Why Investors Need to Stop Wondering Where the Market Is Headed Next
Jitters in the stock market—or any other market, for that matter—sometimes confuse investors and make them question its direction. They often ask where the market is headed next, or how the recent events will play out. Even worse, they may completely lose trust in the market and just let their life savings decline as inflation continuously takes its toll.
To say the very least, these are genuine concerns, because their life savings are often at stake and a significant move can wipe out their wealth. The broad market sell-off in 2008 and 2009 was a prime example of this, when investors, unsure about the direction of the market, took a major hit to their portfolio—and missed out on the stock market rally that began in March of 2009.
As a matter of fact, according to the findings of the Federal Reserve Bank of St. Louis, when adjusted for inflation, American households have only recovered 45% of the wealth they lost during the Great Recession. (Source: Derby, M.S., “Households Still Haven’t Rebuilt Lost Wealth,” Wall Street Journal, May 30, 2013.) They are still underwater, despite the key stock indices like the S&P 500 being up more than 100% since then.
The recent market action, which occurred after a few members of the Federal Open Market Committee (FOMC) showed concerns about the steps taken by the Federal Reserve and wanted it to reduce its size of asset purchases, has investors rattled once again. The noise is increasing, and bulls and bears are suggesting where the markets are headed next. Some are calling that the stock market has reached its top, while others suggest there’s room to run.
Looking at all this, investors must understand this one basic phenomenon: where the market is headed tomorrow, or next week, or even next year is not in their control, unless they have a significant amount of buying power—in the billions, if not more—to move the markets higher.
Forgetting all the forecasts and predictions that might be thrown at investors from the financial media, investors should focus on what they can do if things don’t work out in their favor (i.e. what is actually in their control).

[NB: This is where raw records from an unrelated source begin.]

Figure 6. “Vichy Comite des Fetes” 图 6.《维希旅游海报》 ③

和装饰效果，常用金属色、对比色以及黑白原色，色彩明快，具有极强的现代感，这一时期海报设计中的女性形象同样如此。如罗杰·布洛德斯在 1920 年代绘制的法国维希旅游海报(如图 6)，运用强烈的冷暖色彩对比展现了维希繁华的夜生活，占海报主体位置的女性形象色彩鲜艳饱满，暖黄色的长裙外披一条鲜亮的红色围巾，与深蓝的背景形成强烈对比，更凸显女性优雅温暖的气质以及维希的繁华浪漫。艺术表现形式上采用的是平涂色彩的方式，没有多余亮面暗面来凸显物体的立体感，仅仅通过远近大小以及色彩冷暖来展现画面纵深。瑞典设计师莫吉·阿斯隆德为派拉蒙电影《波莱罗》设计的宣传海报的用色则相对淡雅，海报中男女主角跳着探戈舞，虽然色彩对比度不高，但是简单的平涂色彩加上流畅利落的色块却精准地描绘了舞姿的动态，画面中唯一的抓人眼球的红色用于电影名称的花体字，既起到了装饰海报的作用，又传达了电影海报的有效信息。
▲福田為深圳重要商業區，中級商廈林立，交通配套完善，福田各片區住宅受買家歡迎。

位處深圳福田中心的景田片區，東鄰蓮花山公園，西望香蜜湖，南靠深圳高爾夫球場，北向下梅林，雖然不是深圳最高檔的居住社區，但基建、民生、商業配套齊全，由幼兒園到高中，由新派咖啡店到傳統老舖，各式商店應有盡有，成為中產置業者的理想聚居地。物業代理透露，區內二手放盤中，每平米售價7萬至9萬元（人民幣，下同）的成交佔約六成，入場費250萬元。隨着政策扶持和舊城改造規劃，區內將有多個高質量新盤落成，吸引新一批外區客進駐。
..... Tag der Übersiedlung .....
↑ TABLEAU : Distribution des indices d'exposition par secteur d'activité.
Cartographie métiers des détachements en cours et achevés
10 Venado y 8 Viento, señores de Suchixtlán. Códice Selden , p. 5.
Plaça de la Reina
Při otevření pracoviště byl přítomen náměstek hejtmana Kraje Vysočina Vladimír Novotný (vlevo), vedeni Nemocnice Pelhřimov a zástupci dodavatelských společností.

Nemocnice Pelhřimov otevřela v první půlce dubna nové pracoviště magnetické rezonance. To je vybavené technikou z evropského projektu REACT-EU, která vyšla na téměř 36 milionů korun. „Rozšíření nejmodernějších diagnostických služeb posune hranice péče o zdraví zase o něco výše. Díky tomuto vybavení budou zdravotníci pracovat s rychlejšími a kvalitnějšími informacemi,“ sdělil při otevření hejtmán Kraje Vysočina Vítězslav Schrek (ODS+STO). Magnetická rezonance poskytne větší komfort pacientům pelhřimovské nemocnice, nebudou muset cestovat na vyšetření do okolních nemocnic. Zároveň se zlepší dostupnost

One thing investors should have in place before they even start investing is a long-term plan, a reason why they are investing. It is very critical, because it can dictate what to do in certain market conditions.
For example, if investors are saving for retirement, they need to take a conservative approach. If investors saving for retirement feel stocks are turning weak, changing their portfolio’s asset allocation more towards bonds than stocks can save them from losses. Remember: stocks and bonds usually have an inverse relationship, meaning that when stocks go down in value, bond prices increase.
Long-term investing isn’t easy; bringing noise and worrying about things investors can’t control only adds to the stress and hinders decision-making. Investors saving for retirement, or for any other reason, should focus on risk management, diversification, asset allocation, and trade management, rather than worrying about the direction of the market.